**PROBLEM REQUIREMENTS:** Copy, from the listing, every line in which the string "Tamil" is present.

**SOURCE MATERIAL:**
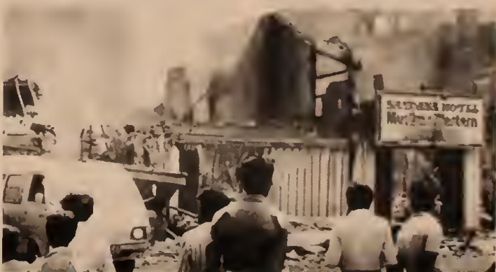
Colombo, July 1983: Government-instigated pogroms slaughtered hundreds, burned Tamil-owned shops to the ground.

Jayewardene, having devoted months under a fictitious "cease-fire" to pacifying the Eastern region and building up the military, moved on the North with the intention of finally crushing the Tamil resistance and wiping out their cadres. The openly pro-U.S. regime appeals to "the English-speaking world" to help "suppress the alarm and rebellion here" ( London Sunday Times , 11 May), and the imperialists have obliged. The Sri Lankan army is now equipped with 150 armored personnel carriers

==

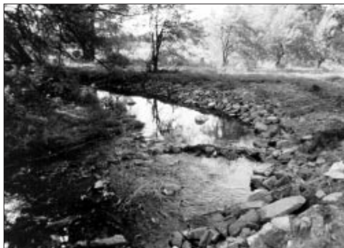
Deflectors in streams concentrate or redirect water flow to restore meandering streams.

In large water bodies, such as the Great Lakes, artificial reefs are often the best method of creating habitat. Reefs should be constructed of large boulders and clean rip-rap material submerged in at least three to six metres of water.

**RESULT:**
Colombo, July 1983: Government-instigated pogroms slaughtered hundreds, burned Tamil-owned shops to the ground.
Jayewardene, having devoted months under a fictitious "cease-fire" to pacifying the Eastern region and building up the military, moved on the North with the intention of finally crushing the Tamil resistance and wiping out their cadres. The openly pro-U.S. regime appeals to "the English-speaking world" to help "suppress the alarm and rebellion here" ( London Sunday Times , 11 May), and the imperialists have obliged. The Sri Lankan army is now equipped with 150 armored personnel carriers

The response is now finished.